→ Source material
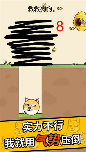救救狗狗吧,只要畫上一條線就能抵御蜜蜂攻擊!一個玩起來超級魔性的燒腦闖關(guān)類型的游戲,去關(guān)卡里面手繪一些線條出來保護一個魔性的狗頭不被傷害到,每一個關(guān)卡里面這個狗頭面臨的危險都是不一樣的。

---

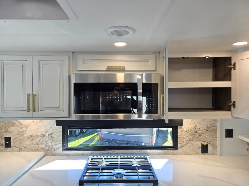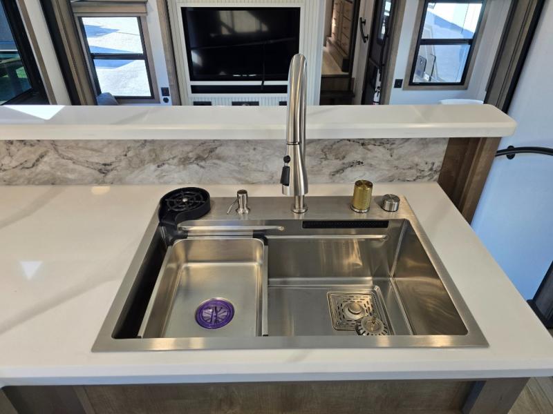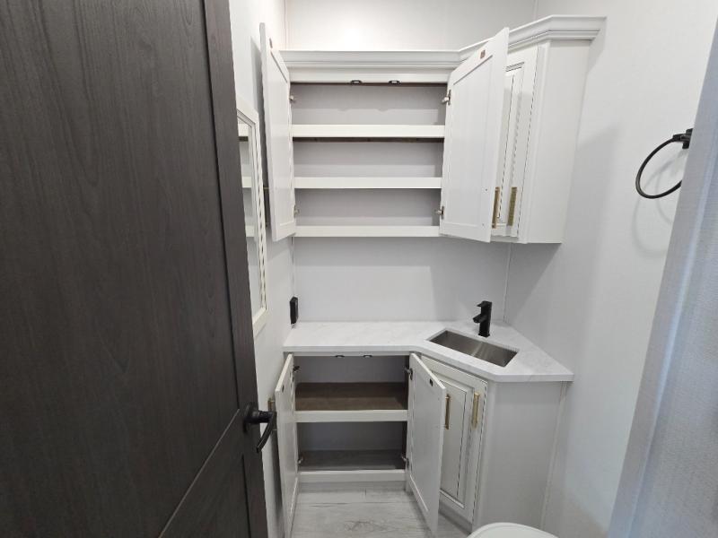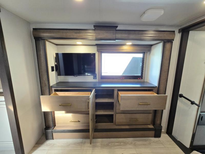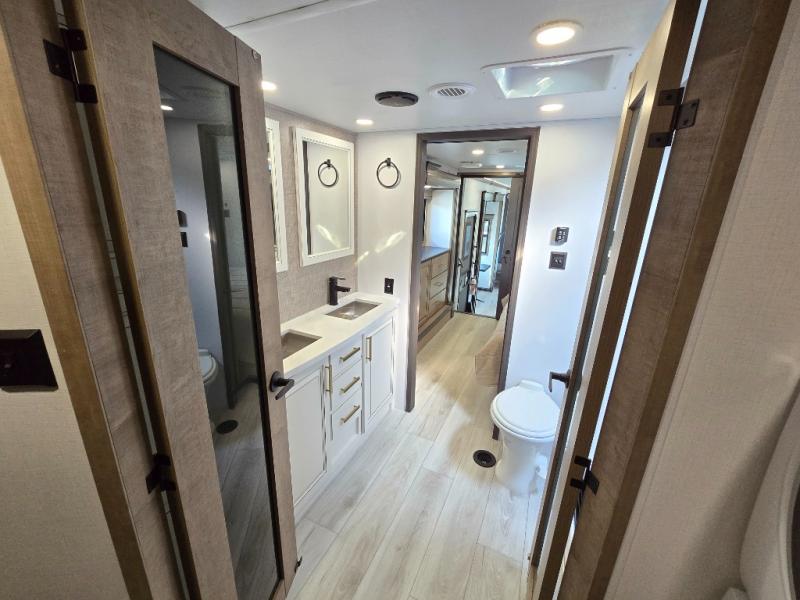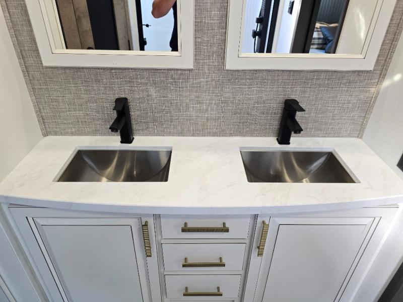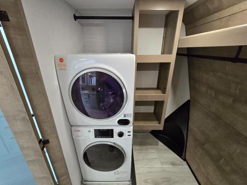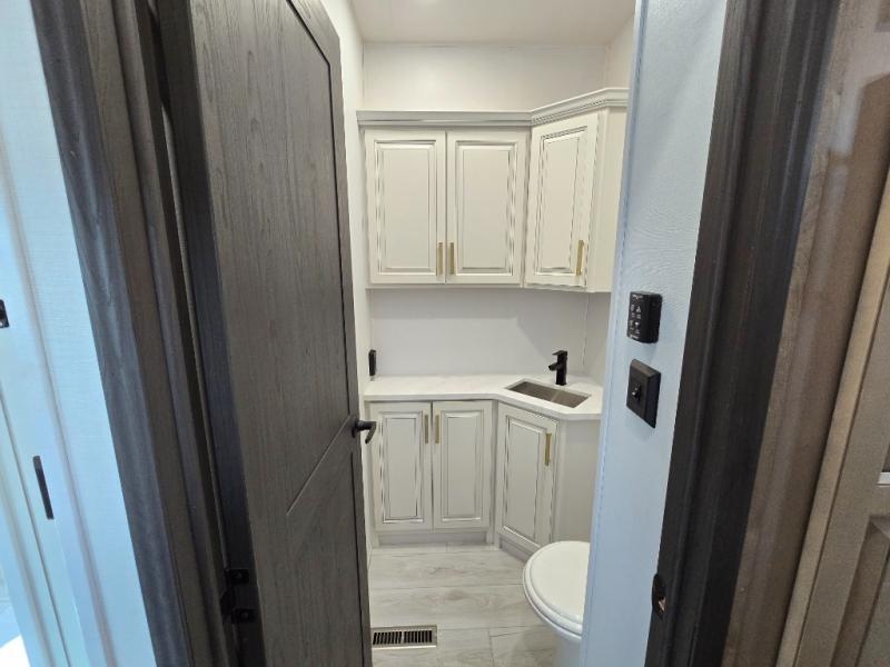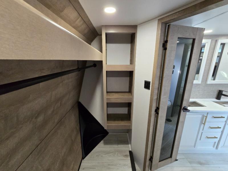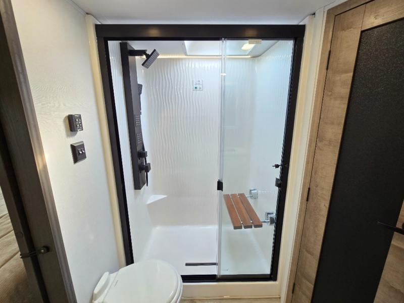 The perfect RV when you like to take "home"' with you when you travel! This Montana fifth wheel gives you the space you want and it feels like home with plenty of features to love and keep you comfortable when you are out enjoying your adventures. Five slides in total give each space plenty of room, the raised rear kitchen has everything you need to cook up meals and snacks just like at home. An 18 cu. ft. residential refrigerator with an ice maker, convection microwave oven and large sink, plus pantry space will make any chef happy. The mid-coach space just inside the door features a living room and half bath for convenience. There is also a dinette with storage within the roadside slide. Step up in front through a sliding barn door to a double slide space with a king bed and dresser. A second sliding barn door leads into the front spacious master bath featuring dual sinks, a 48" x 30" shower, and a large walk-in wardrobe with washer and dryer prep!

--

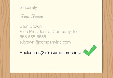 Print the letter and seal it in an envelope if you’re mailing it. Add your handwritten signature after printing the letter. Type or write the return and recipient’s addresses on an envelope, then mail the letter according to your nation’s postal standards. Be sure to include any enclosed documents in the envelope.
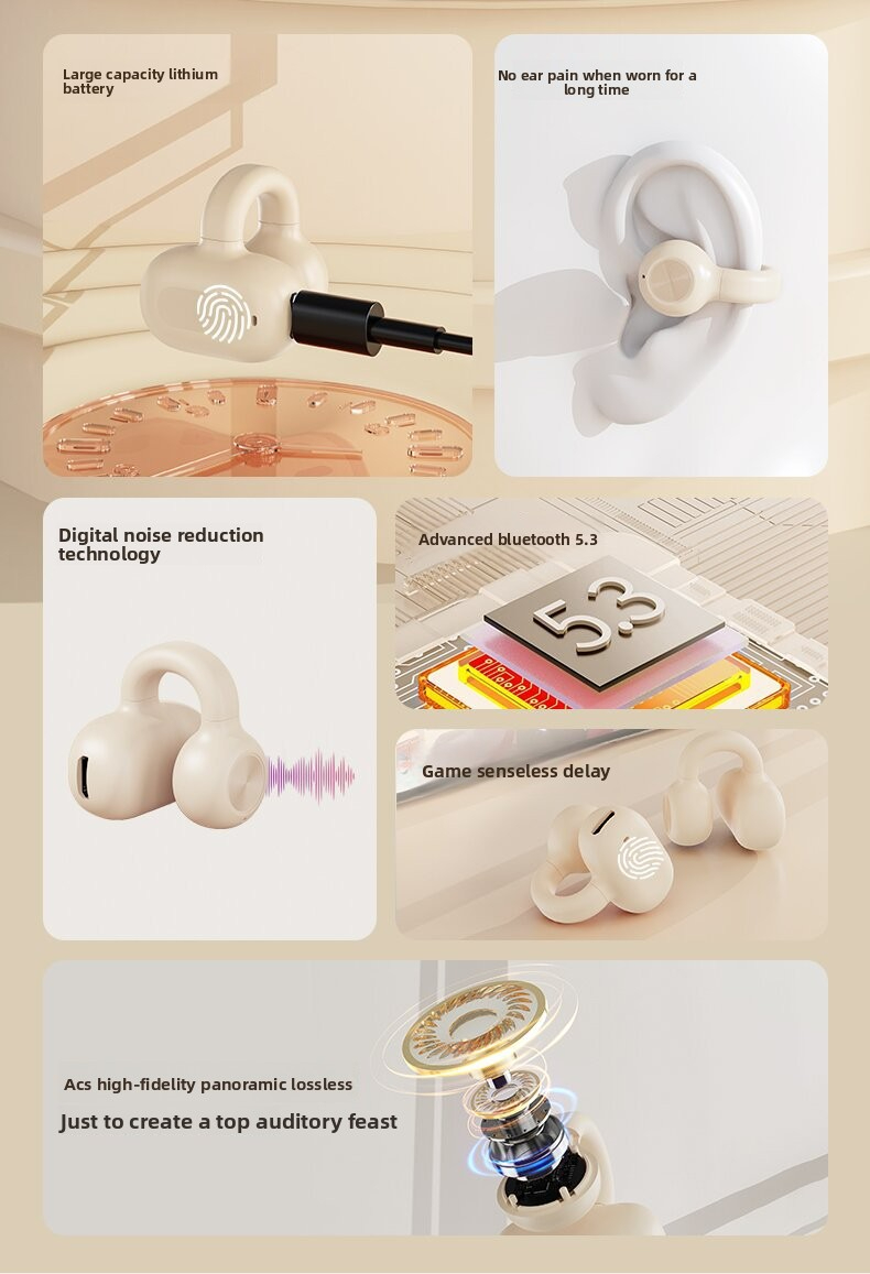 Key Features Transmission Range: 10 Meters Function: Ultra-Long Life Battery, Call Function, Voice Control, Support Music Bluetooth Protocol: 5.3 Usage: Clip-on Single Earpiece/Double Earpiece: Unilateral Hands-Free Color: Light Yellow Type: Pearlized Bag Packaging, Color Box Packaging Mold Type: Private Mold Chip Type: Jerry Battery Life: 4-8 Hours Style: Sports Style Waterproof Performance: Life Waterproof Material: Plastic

→ Task directions
Look back at the data above, then output exactly the lines from the line holding "Print the letter" up to and including the line holding "Key Features Transmission". Leave out the pictures.

→ Answer space
 Print the letter and seal it in an envelope if you’re mailing it. Add your handwritten signature after printing the letter. Type or write the return and recipient’s addresses on an envelope, then mail the letter according to your nation’s postal standards. Be sure to include any enclosed documents in the envelope.
 Key Features Transmission Range: 10 Meters Function: Ultra-Long Life Battery, Call Function, Voice Control, Support Music Bluetooth Protocol: 5.3 Usage: Clip-on Single Earpiece/Double Earpiece: Unilateral Hands-Free Color: Light Yellow Type: Pearlized Bag Packaging, Color Box Packaging Mold Type: Private Mold Chip Type: Jerry Battery Life: 4-8 Hours Style: Sports Style Waterproof Performance: Life Waterproof Material: Plastic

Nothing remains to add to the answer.